Senator Wiener to Introduce Net Neutrality Legislation Today as California Legislature Convenes After Recess
Sacramento – Today, Senator Scott Wiener (D-San Francisco) will introduce legislation to establish net neutrality protections in California. This is the first day the California Legislature is in session since the Federal Communications Commission (FCC) repealed net neutrality on December 14 of last year. At that time, Senator Wiener announced he would introduce legislation to require net neutrality in California.
Senator Wiener is joined by principal co-authors Senators Ben Allen (D-Santa Monica), Bill Dodd (D-Napa), Mike McGuire (D-Healdsburg), Bill Monning (D-Carmel), and Nancy Skinner (D-Berkeley), and principal co-authors Assemblymembers Rob Bonta (D-Oakland), Richard Bloom (D-Santa Monica), David Chiu (D-San Francisco), Ash Kalra (D-San Jose), and Kevin Mullin (D-San Mateo). Senator Wiener’s bill is supported by the Electronic Frontier Foundation, CALPIRG, and the Courage Campaign.

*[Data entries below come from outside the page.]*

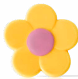
Buttercup 78227 ( \pm 302 pcs)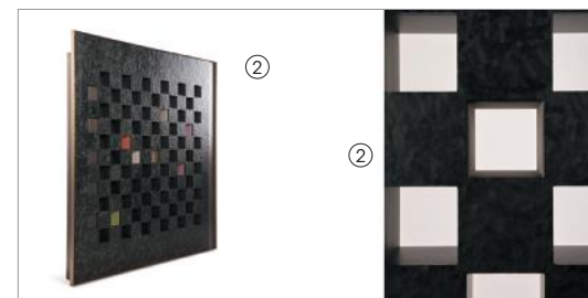
2 The Cabinet of Memories 12018+12012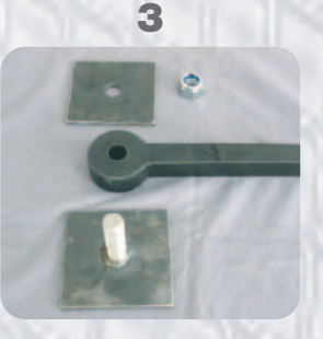
Welding of the fixing plate at the top of the screen frame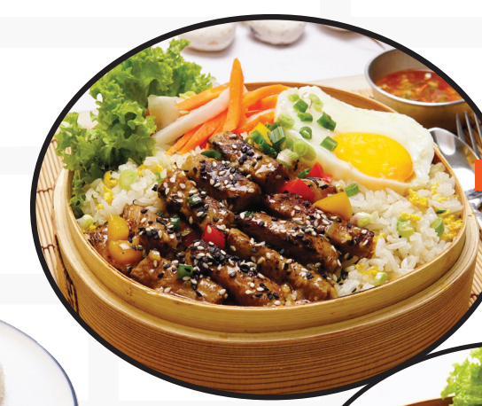
CƠM CHIÊN TRỨNG VỚI THỊT BÒ ĐẶC BIỆT ★ 19.8 Egg Fried Rice with Premium Marbled Beef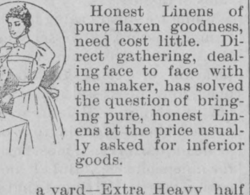
TABLE LINENS Housekeeping Linen

At 60c. the new mixtures, including the popular blues, 50 A Special Bargain Purchase this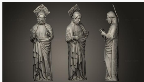
STKRL 0092 → 2500P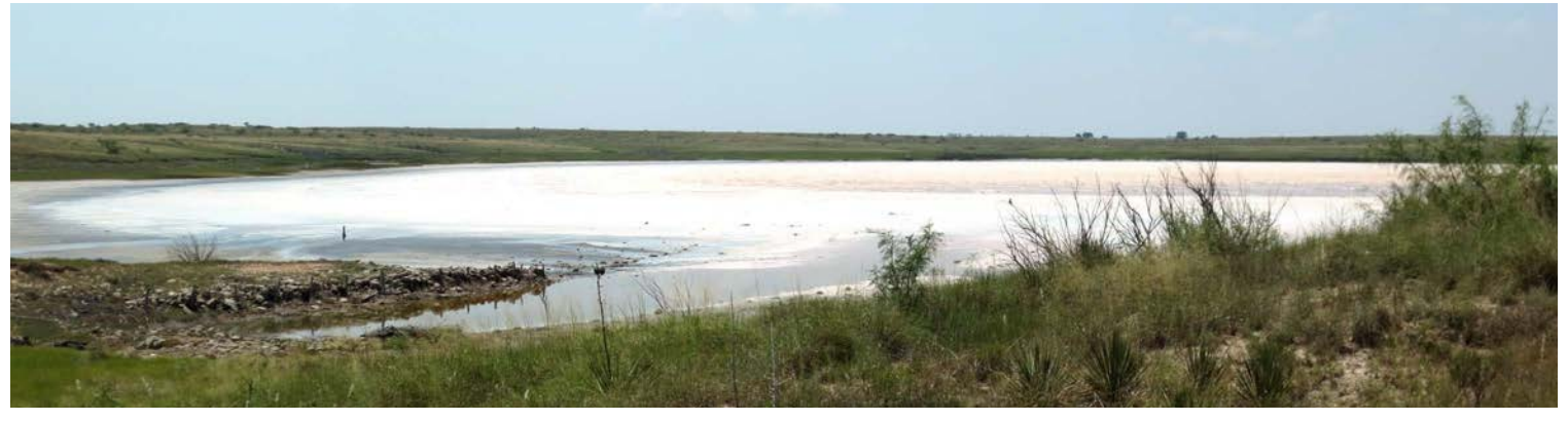
The view of lower Paul's Lake. This and other saline lakes on the Refuge once held water most of the year, but now are dry except after thunderstorms and during the winter. Paul's Lake hosts its largest concentration of lesser sandhill cranes during the winter months, with normal peak observation counts of approximately 96,000 birds annually. A record number of 250,000 cranes used the lake in 1983.

at a time," Smith says. What Brooks demonstrated to him, Smith recalls, was courage—"we were afraid for our lives"—humility, and respect for private property rights. "By the time we were done, people that had been threatening to shoot us were civil and offering us a glass of iced tea," Smith remembers. Five months later, they had permission to access 80 percent of the lands they had been kicked off. He says, "It was then that I realized it wasn't all about the fish—it was also about people and our approach to people."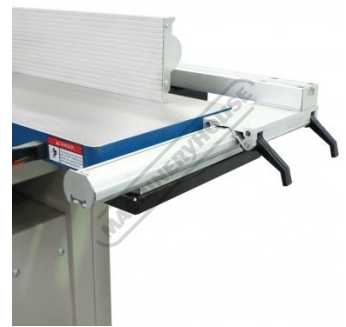
Adjustable Double Lock Fence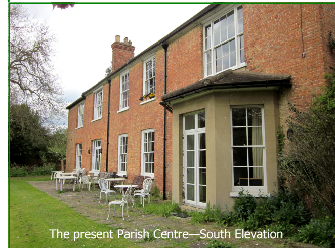
The present Parish Centre—South Elevation

The Society has expressed its reservations to the Parochial Church Council over its proposals to construct a new Parish Community Centre on a choice of sites near Holy Trinity Church. Although the Society recognises the proposals are only part of an initial consultation programme, it considers there are significant issues which need to be resolved before the scheme progresses much further.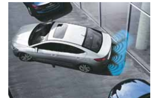
Rear Camera with 4 Parking Sensors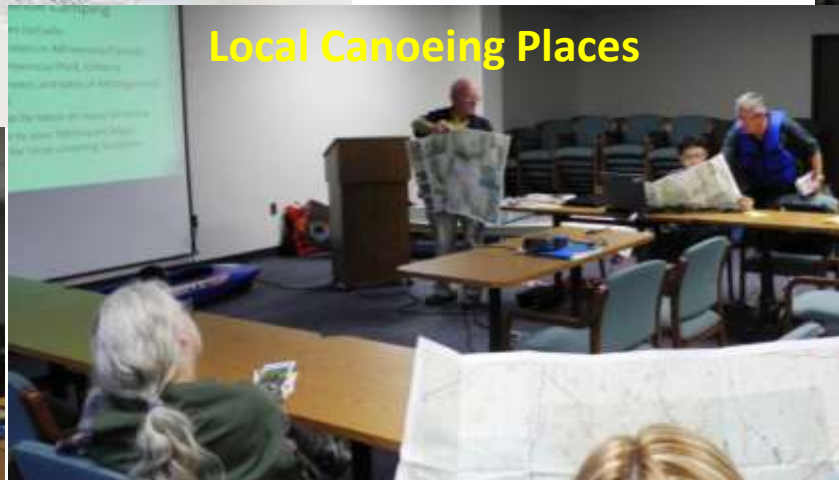
Local Canoeing Places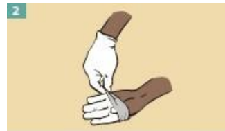
2 Peel the glove away from your body, pulling it inside out.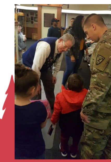
This young man wanted a warm coat like his sister has. But he wanted red not pink. Dad, an MP, watches on. Again, one of the Lady MP's is helping get the size correct.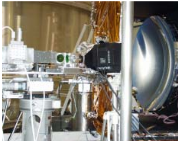
The carbon-fibre-reinforced reflector for ESA's Planck spacecraft under test at the Centre Spatial de Liège (CSL)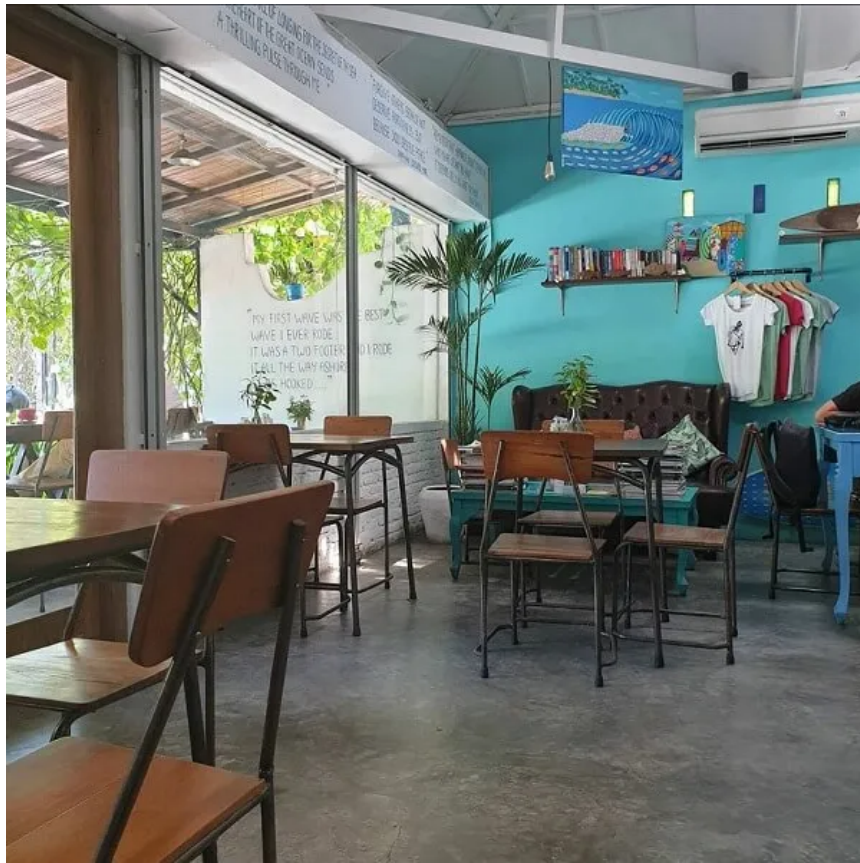
Secret Cafe, Nusa Dua

What we all love about Secret Café is that it is small, cozy, has that rustic feel about it, and serves consistently amazing food! The food is delicious, and so is the coffee. Personally, I keep on returning for the beautiful breakfasts, as do the dozens of expats that stop by on the way home from their morning surf every day.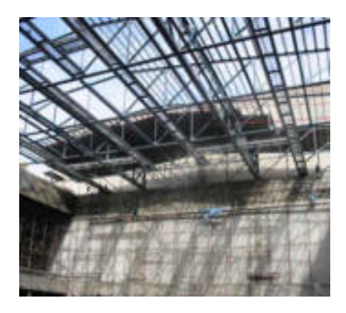
Figure 10: New roof trusses installation

The entire pitched roof over the great hall was replaced with new steel frame and water-proof roof membrane). The design basically reflected the original design with several improvements in terms of acoustic, structural strength and quality (Refer to Figure 10 & Figure 11).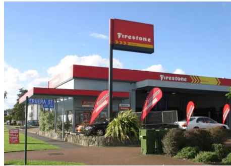
Original colour scheme 1997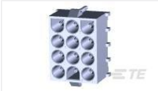
TE Part #641974-3 12P UMNL PIN HDR ASSY 94VO LF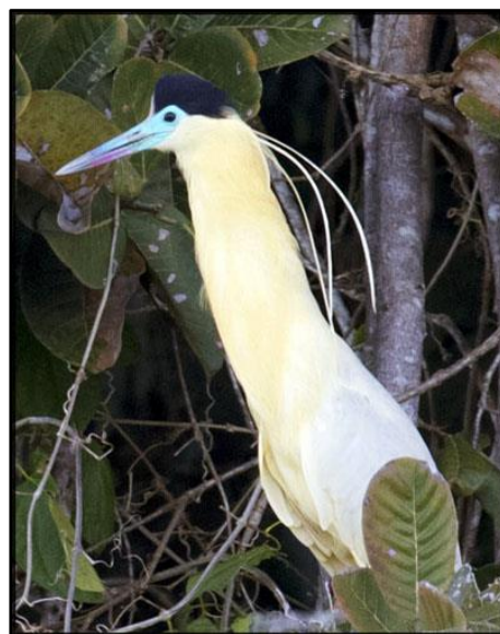
Capped Heron by Paul Fox

9 July: The tour started with a short flight from Cuiaba to Alta Floresta. The first bird of the trip was a Toco Toucan that was seen from inside the aeroplane by Mike - a promising start! Along the drive to the Teles Pires River, we picked up several species of interest, including a flock of Muscovy Ducks at a small pond. A dusty road stop at a Mauritia palm grove was productive as we got Point-tailed Palmcreeper and Sulphury Flycatcher, both specialists to this habitat. A low overhead flyover of two Blue-and-yellow Macaws was a spectacular introduction to Amazonia! Our local guide - Micah - was waiting for us at the river. The canoe ride to the Cristalino lodge produced a few good raptor sightings, including a pair of noisy Red-throated Caracaras, a Great Black Hawk and a splendid Black-collared Hawk. Our first Paradise Jacamar for the trip got us quite excited as did a beautiful Capped Heron. At dinner, Micah surprised us with a Linné's Two-toed Sloth, a rare sighting at Cristalino!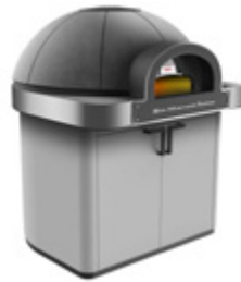
DOME + STAND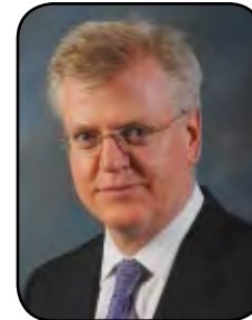
FRANCIS X. GRIBBON Public Information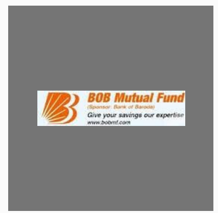
BOB Mutual Fund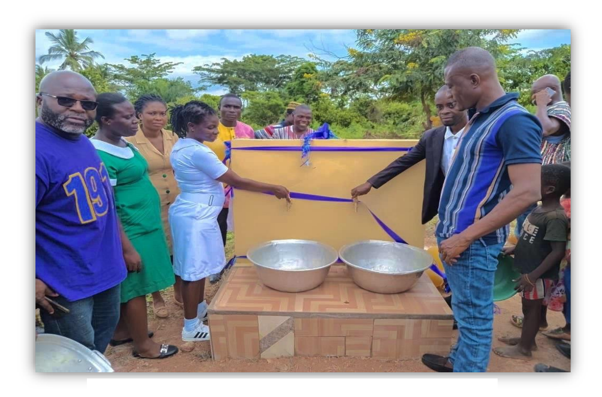
Commissioning of mechanized borehole at Kuntenase.

Another standout achievement in this transformative journey is the refurbishment of critical infrastructure, notably the iconic Cape Coast Castle. As a historical landmark with deep cultural significance, the restoration of Cape Coast Castle stands as a testament to the collective dedication. This refurbishment not only preserves the rich heritage of the region but also enhances the quality of life for the community members and tourists.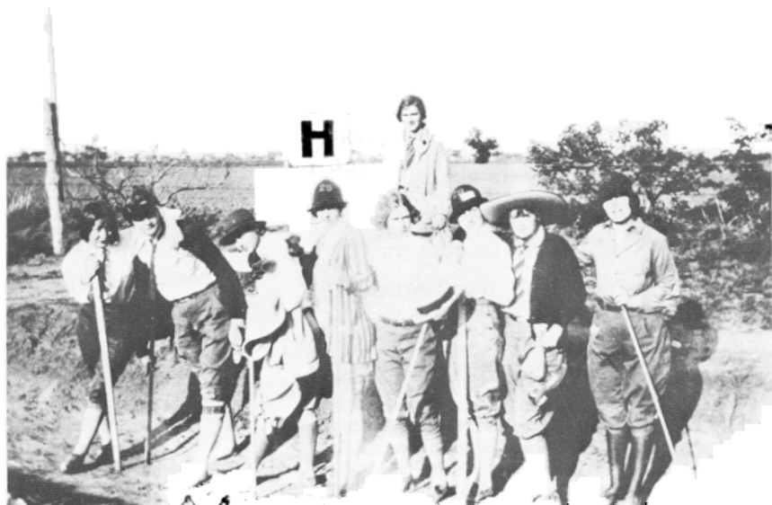
Women's hiking group one mile south of Hale Center on the second day of the 50-mile Lubbock to Plainview hike.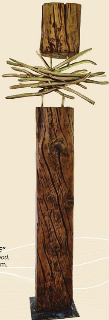
"FORTITUDE" Brass and wood. 187x65x28 cm.

“Net neutrality is essential to our 21st century democracy,” said Senator Wiener. “We won’t let the Trump-led FCC dismantle our right to a free and open internet, and we won’t let them create a system where internet providers can favor web sites and services based on who pays more money. It’s terrible for consumers, for small businesses, for innovation, and for the free flow of information in our country. As states across the country explore how to maintain an open internet, California can and must lead the charge to protect net neutrality. I look forward to working on this bill in the coming months with my co-authors, advocates, leaders from other states, technology companies, and anyone who cares about the future of the internet.”
Specifically, Senator Wiener’s bill will do the following:
- Regulate business practices to require net neutrality
- Condition state contracts on adhering to net neutrality
- Require net neutrality as part of cable franchise agreements, as a condition to using the public right-of-way for internet infrastructure
- Condition the right to attach small cell or other broadband wireless communications to utility poles on adherence to net neutrality
In February 2015, the FCC created a net neutrality order that reclassified fixed and mobile internet providers as common carriers under Title II of the Communications Act. That order prevented discrimination among web sites or services by Internet Service Providers (ISPs) - blocking websites or creating a slow lane and a fast lane. On December 14, the FCC eliminated this order and thus gave ISPs the authority to manipulate internet traffic in their networks, including blocking access or slowing down traffic to specific sites. The FCC’s action included a provision - which is likely unenforceable - to attempt to preempt states from regulating network neutrality and broadband privacy.
"The Internet belongs to the people, not to big corporations trying to squeeze every last penny out of consumers," said Eddie Kurtz, Executive Director of the California based Courage Campaign. "Losing the open Internet would be a tremendous loss of human potential, and Courage Campaign enthusiastically stands behind Senator Wiener’s efforts to protect it in one of the nation’s hubs of innovation."
Currently California does not have its own regulations on net neutrality – we have deferred to the federal rules. Senator Wiener’s legislation will establish net neutrality regulations in California. Although the FCC included in its order a purported preemption of state net neutrality rules, the FCC likely does not have the power to preempt state action on this issue, per a 2006 federal court of appeals ruling in a different broadband context. Senator Wiener previously announced his intention to introduce net neutrality regulations in December, on the day the FCC repealed net neutrality. At that time, he was joined in this effort by the Electronic Frontier Foundation, CALPIRG, and the American Civil Liberties Union, who stated the following:
“The FCC’s complete abandonment of its responsibilities to protect the free and open Internet will go down as one of the biggest mistakes in Internet policy history,” said Ernesto Falcon, Legislative Counsel for the Electronic Frontier Foundation. “In light of the complete absence of federal protections, we absolutely must have state laws fill the void on both privacy and network neutrality.”
“ISPs shouldn't be able to pick winners and losers online, or give their own services an unfair advantage over their competitors,” said Emily Rusch, Executive Director of CALPIRG. “If Congress won't protect net neutrality nationwide, then California should use its considerable influence to protect its own residents.”
“As the epicenter of technological innovation, California has a special responsibility to ensure that the internet remains free and open” said Nicole Ozer, Technology and Civil Liberties Policy Director for the ACLU of California. “Now, more than ever, Californians expect their policymakers and technology leaders to protect access to the internet, information, and the truth. The future of a free and open internet – and our democracy – depends on it.”